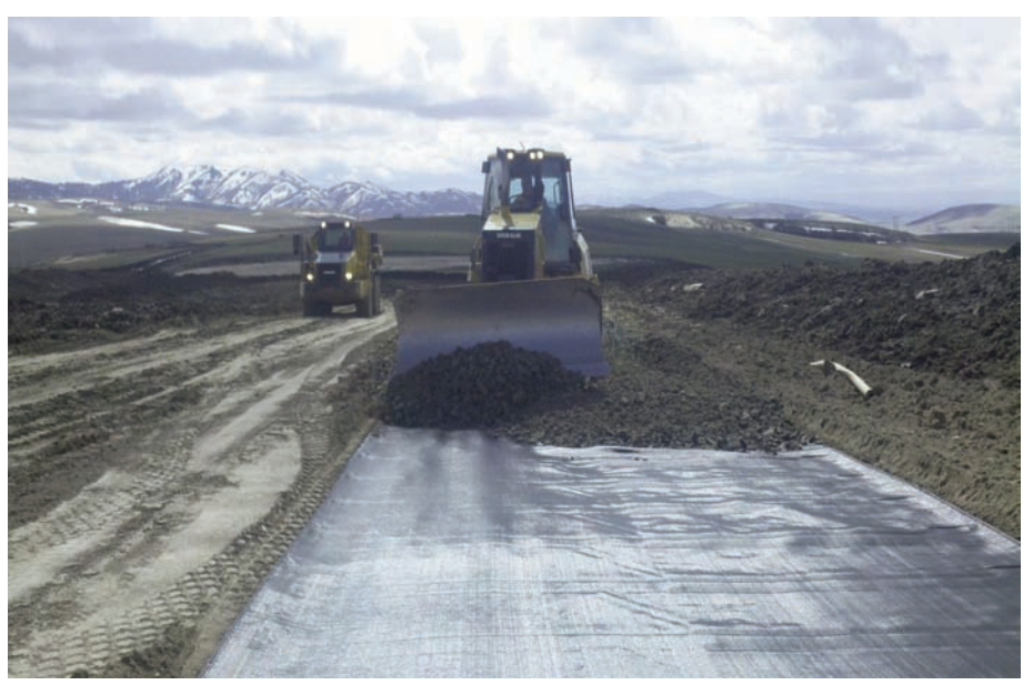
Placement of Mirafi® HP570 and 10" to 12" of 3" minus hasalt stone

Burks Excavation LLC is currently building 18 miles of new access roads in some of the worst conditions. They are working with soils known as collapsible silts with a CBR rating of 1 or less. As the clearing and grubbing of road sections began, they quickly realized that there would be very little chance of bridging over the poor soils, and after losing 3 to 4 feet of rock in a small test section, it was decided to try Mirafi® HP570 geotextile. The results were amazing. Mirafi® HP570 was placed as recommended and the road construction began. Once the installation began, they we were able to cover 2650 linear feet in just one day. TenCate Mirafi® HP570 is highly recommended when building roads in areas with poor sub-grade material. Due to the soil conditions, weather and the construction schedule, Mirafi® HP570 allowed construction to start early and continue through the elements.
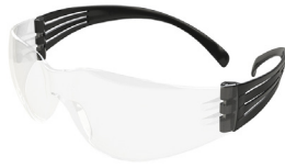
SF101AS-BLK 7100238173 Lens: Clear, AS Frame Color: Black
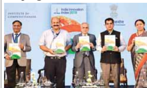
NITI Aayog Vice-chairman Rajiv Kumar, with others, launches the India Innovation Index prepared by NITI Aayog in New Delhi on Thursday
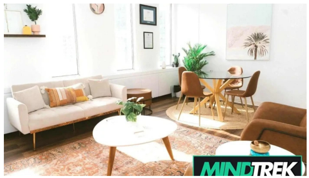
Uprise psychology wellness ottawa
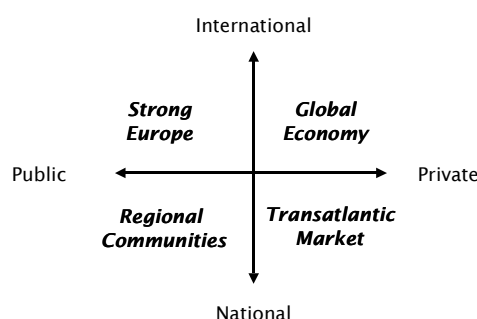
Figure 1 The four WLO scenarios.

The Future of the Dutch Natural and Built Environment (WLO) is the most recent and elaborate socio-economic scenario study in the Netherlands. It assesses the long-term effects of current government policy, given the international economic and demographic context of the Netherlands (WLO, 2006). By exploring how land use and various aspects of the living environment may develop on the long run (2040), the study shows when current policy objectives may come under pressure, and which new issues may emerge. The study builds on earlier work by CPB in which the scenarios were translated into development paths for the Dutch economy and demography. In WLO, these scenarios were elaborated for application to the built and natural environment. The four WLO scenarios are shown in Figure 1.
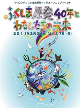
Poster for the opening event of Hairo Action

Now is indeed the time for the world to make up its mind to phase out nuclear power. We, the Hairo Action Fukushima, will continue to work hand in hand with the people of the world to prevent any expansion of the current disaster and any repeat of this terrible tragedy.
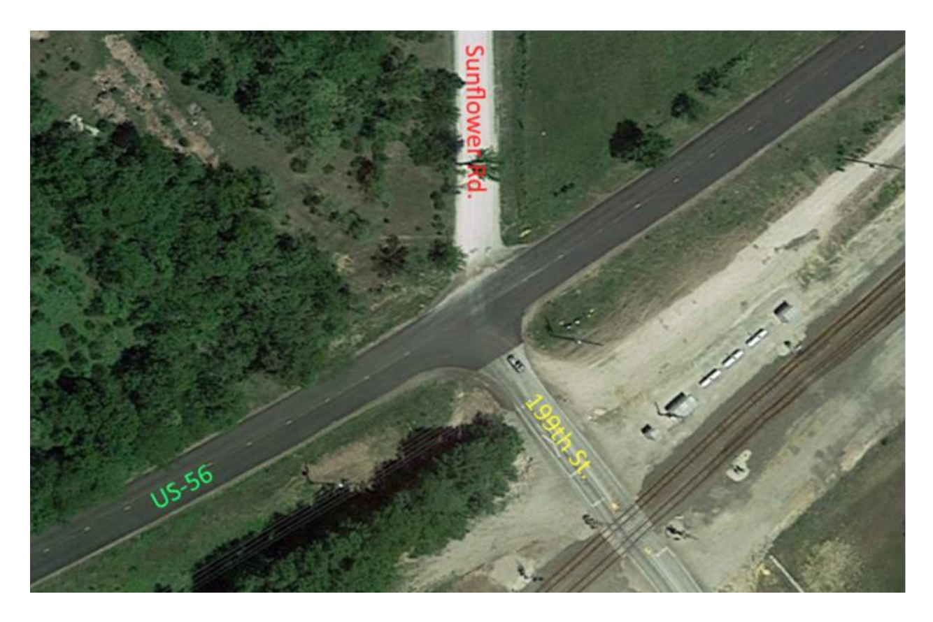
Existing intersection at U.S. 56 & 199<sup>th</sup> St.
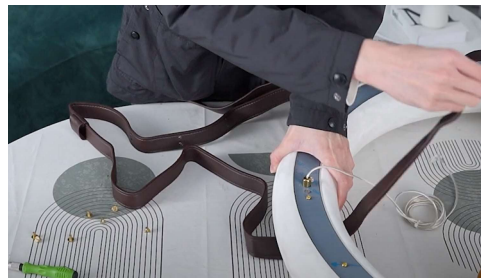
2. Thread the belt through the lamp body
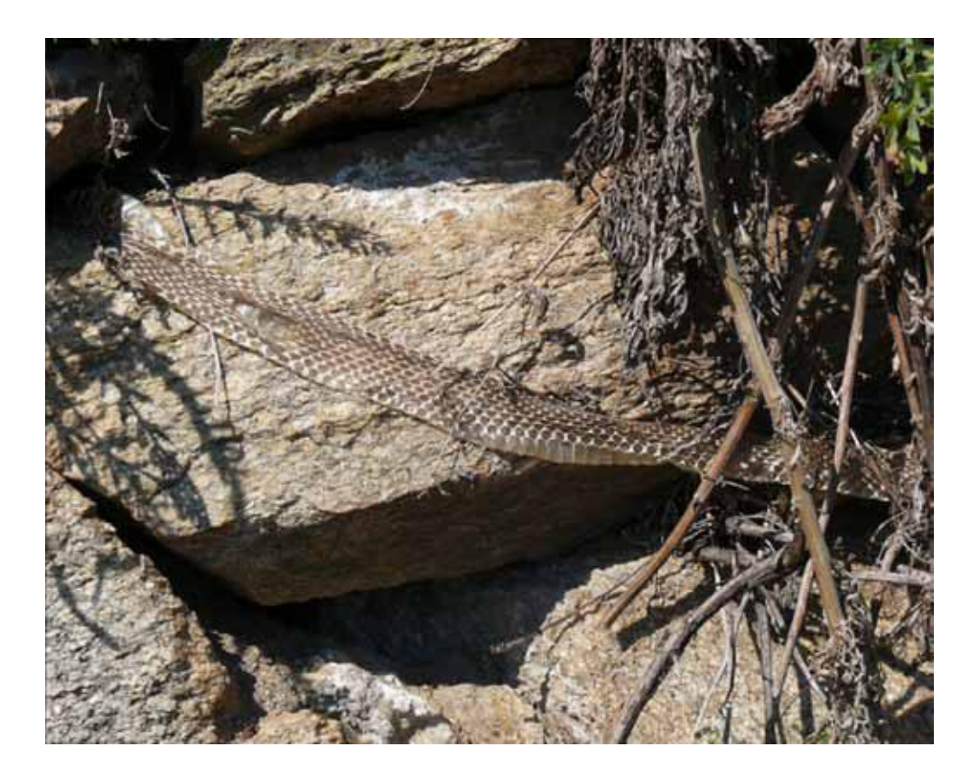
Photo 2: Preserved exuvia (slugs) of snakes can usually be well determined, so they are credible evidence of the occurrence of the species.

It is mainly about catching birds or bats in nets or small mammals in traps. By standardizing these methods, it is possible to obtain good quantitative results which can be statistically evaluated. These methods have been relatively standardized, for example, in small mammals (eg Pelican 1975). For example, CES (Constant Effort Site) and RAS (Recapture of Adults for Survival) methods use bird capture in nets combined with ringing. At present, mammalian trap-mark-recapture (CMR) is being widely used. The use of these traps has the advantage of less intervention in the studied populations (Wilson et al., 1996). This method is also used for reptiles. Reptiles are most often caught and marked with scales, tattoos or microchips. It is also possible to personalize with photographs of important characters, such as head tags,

TASK DIRECTIONS: Every record above should be transcribed exactly; the pictures stay out of the copy.

TASK RESULT:
Placement of Mirafi® HP570 and 10" to 12" of 3" minus hasalt stone

Burks Excavation LLC is currently building 18 miles of new access roads in some of the worst conditions. They are working with soils known as collapsible silts with a CBR rating of 1 or less. As the clearing and grubbing of road sections began, they quickly realized that there would be very little chance of bridging over the poor soils, and after losing 3 to 4 feet of rock in a small test section, it was decided to try Mirafi® HP570 geotextile. The results were amazing. Mirafi® HP570 was placed as recommended and the road construction began. Once the installation began, they we were able to cover 2650 linear feet in just one day. TenCate Mirafi® HP570 is highly recommended when building roads in areas with poor sub-grade material. Due to the soil conditions, weather and the construction schedule, Mirafi® HP570 allowed construction to start early and continue through the elements.
SF101AS-BLK 7100238173 Lens: Clear, AS Frame Color: Black
NITI Aayog Vice-chairman Rajiv Kumar, with others, launches the India Innovation Index prepared by NITI Aayog in New Delhi on Thursday
Uprise psychology wellness ottawa
Figure 1 The four WLO scenarios.

The Future of the Dutch Natural and Built Environment (WLO) is the most recent and elaborate socio-economic scenario study in the Netherlands. It assesses the long-term effects of current government policy, given the international economic and demographic context of the Netherlands (WLO, 2006). By exploring how land use and various aspects of the living environment may develop on the long run (2040), the study shows when current policy objectives may come under pressure, and which new issues may emerge. The study builds on earlier work by CPB in which the scenarios were translated into development paths for the Dutch economy and demography. In WLO, these scenarios were elaborated for application to the built and natural environment. The four WLO scenarios are shown in Figure 1.
Poster for the opening event of Hairo Action

Now is indeed the time for the world to make up its mind to phase out nuclear power. We, the Hairo Action Fukushima, will continue to work hand in hand with the people of the world to prevent any expansion of the current disaster and any repeat of this terrible tragedy.
Existing intersection at U.S. 56 & 199<sup>th</sup> St.
2. Thread the belt through the lamp body
Photo 2: Preserved exuvia (slugs) of snakes can usually be well determined, so they are credible evidence of the occurrence of the species.

It is mainly about catching birds or bats in nets or small mammals in traps. By standardizing these methods, it is possible to obtain good quantitative results which can be statistically evaluated. These methods have been relatively standardized, for example, in small mammals (eg Pelican 1975). For example, CES (Constant Effort Site) and RAS (Recapture of Adults for Survival) methods use bird capture in nets combined with ringing. At present, mammalian trap-mark-recapture (CMR) is being widely used. The use of these traps has the advantage of less intervention in the studied populations (Wilson et al., 1996). This method is also used for reptiles. Reptiles are most often caught and marked with scales, tattoos or microchips. It is also possible to personalize with photographs of important characters, such as head tags,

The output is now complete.